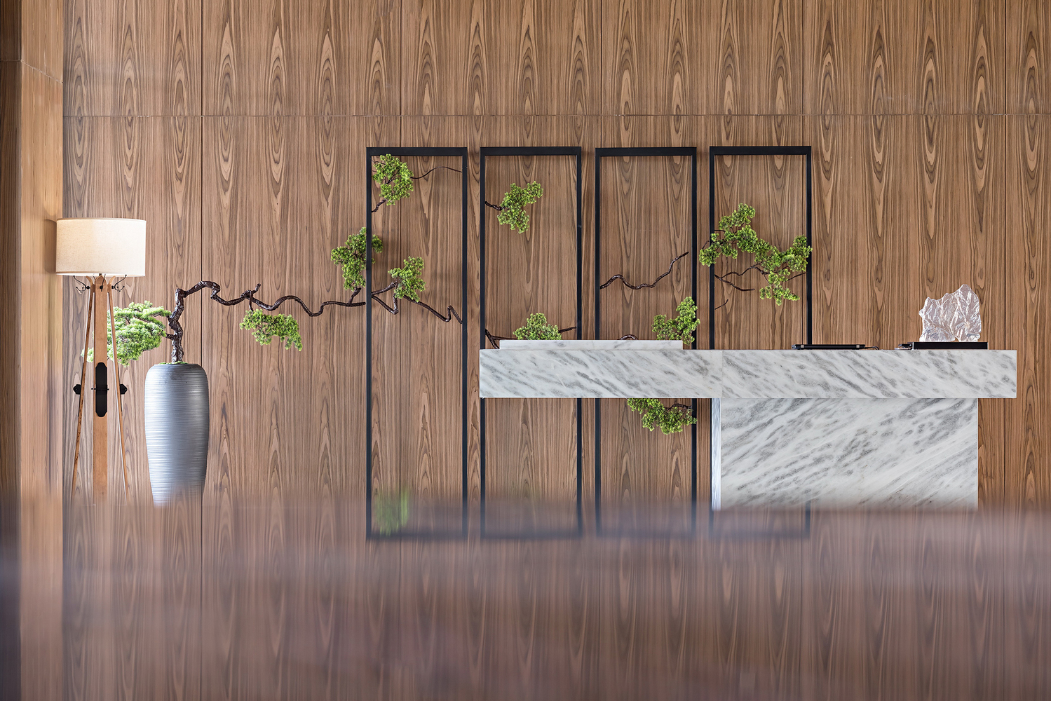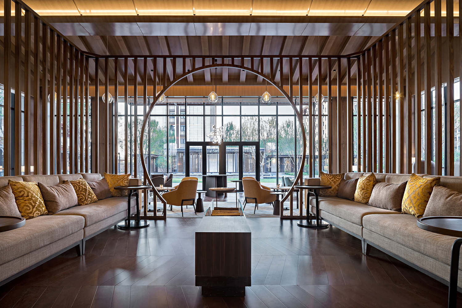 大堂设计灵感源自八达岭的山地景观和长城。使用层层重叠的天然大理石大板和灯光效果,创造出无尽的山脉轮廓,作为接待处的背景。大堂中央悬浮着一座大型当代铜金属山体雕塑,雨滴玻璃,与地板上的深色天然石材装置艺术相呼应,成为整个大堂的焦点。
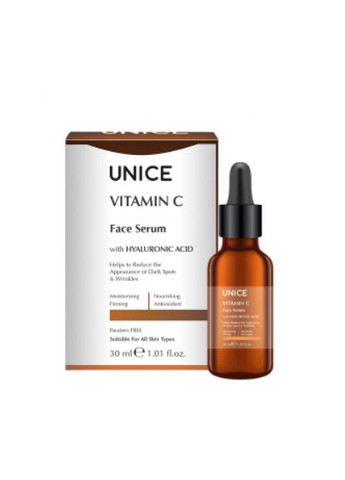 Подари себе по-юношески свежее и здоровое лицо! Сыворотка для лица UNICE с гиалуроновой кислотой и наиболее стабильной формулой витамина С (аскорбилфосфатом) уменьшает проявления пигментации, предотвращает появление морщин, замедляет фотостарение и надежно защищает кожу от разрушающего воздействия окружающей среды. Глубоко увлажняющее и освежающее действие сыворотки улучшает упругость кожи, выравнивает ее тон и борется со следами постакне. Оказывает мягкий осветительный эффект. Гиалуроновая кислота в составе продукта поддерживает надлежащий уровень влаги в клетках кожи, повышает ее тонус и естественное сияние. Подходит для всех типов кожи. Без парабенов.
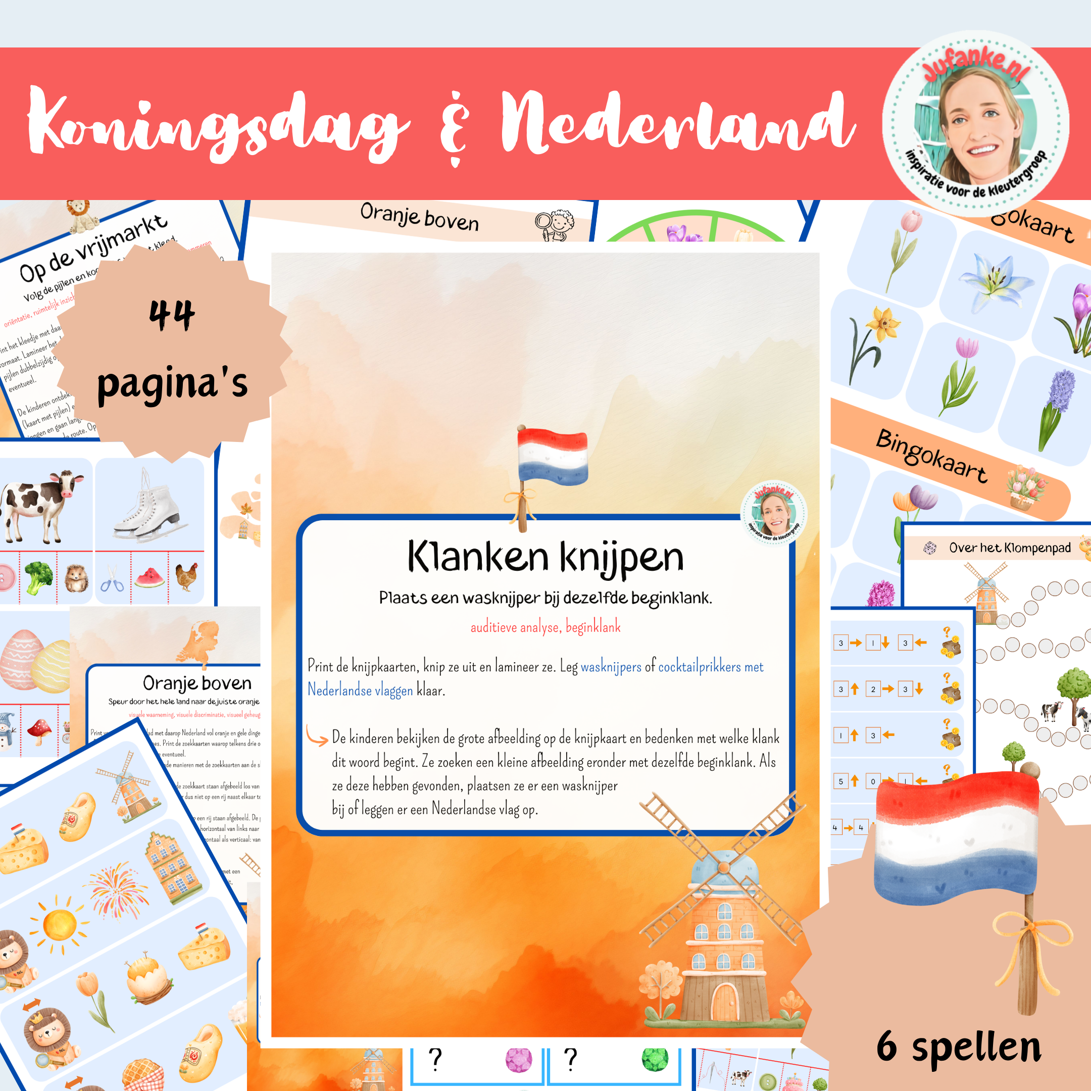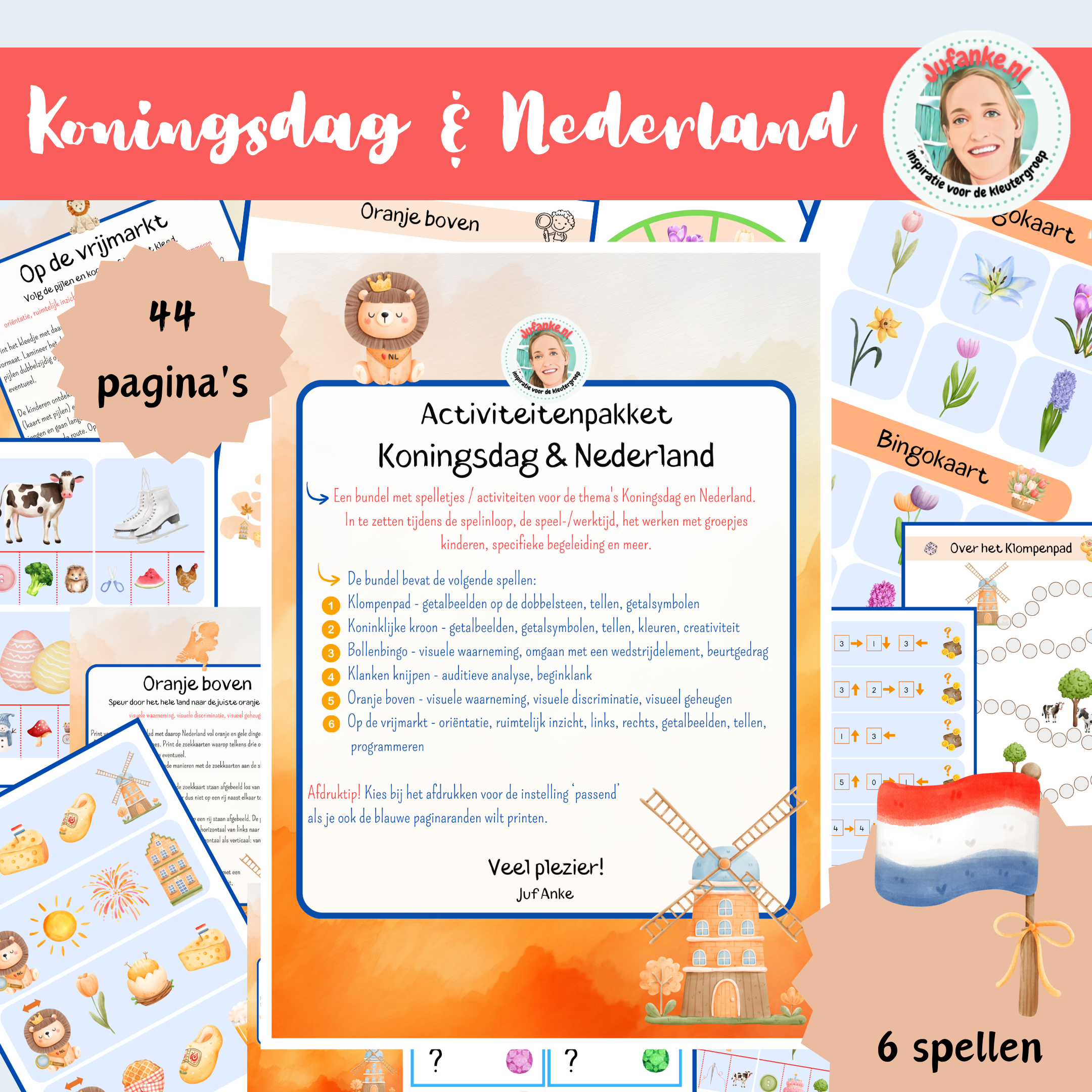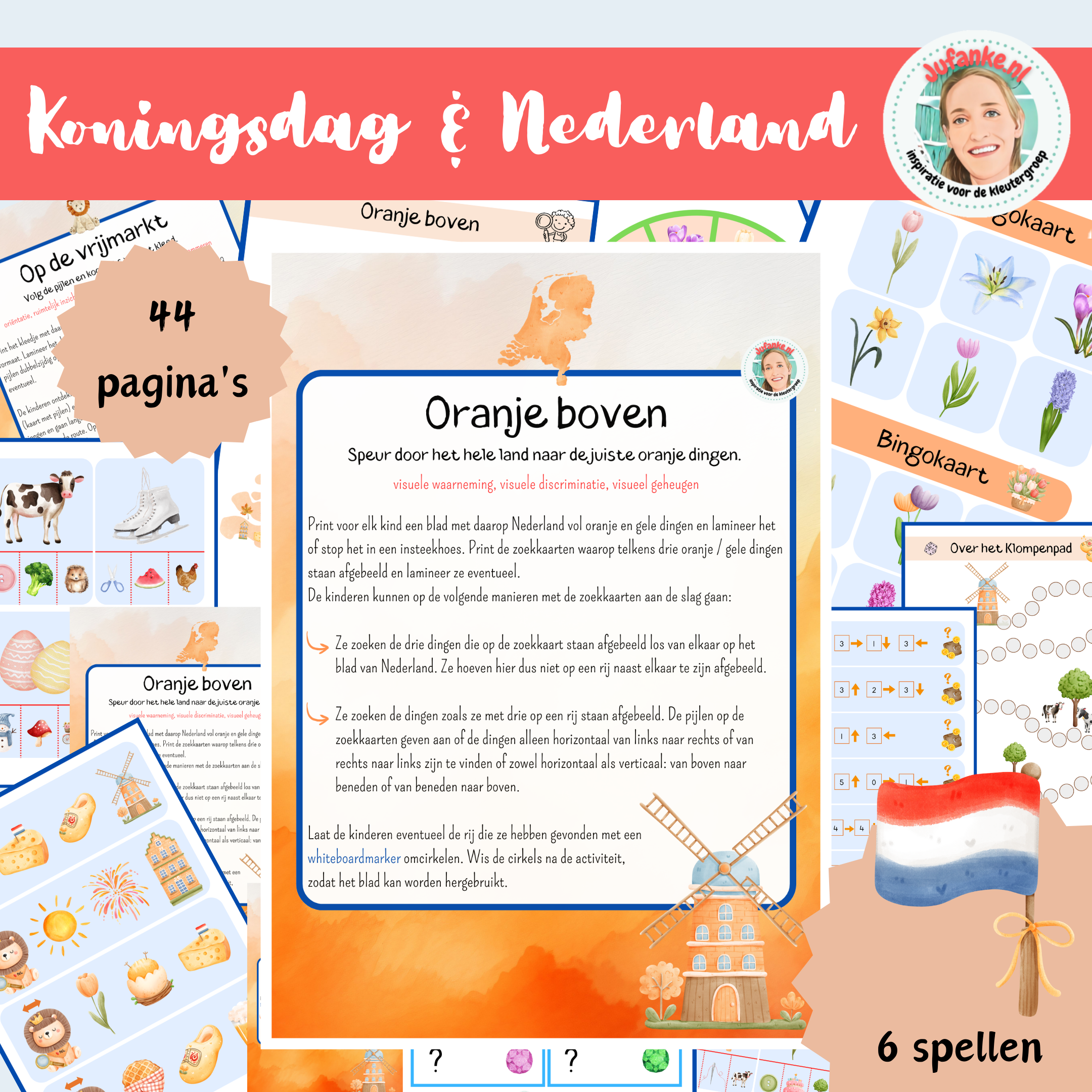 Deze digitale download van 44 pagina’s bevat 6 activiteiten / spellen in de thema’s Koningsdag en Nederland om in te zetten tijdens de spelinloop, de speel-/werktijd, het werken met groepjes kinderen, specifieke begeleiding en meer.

--- What to work on ---
Write the listing out exactly, apart from its pictures.

--- Written response ---
 大堂设计灵感源自八达岭的山地景观和长城。使用层层重叠的天然大理石大板和灯光效果,创造出无尽的山脉轮廓,作为接待处的背景。大堂中央悬浮着一座大型当代铜金属山体雕塑,雨滴玻璃,与地板上的深色天然石材装置艺术相呼应,成为整个大堂的焦点。
 Подари себе по-юношески свежее и здоровое лицо! Сыворотка для лица UNICE с гиалуроновой кислотой и наиболее стабильной формулой витамина С (аскорбилфосфатом) уменьшает проявления пигментации, предотвращает появление морщин, замедляет фотостарение и надежно защищает кожу от разрушающего воздействия окружающей среды. Глубоко увлажняющее и освежающее действие сыворотки улучшает упругость кожи, выравнивает ее тон и борется со следами постакне. Оказывает мягкий осветительный эффект. Гиалуроновая кислота в составе продукта поддерживает надлежащий уровень влаги в клетках кожи, повышает ее тонус и естественное сияние. Подходит для всех типов кожи. Без парабенов.
 Deze digitale download van 44 pagina’s bevat 6 activiteiten / spellen in de thema’s Koningsdag en Nederland om in te zetten tijdens de spelinloop, de speel-/werktijd, het werken met groepjes kinderen, specifieke begeleiding en meer.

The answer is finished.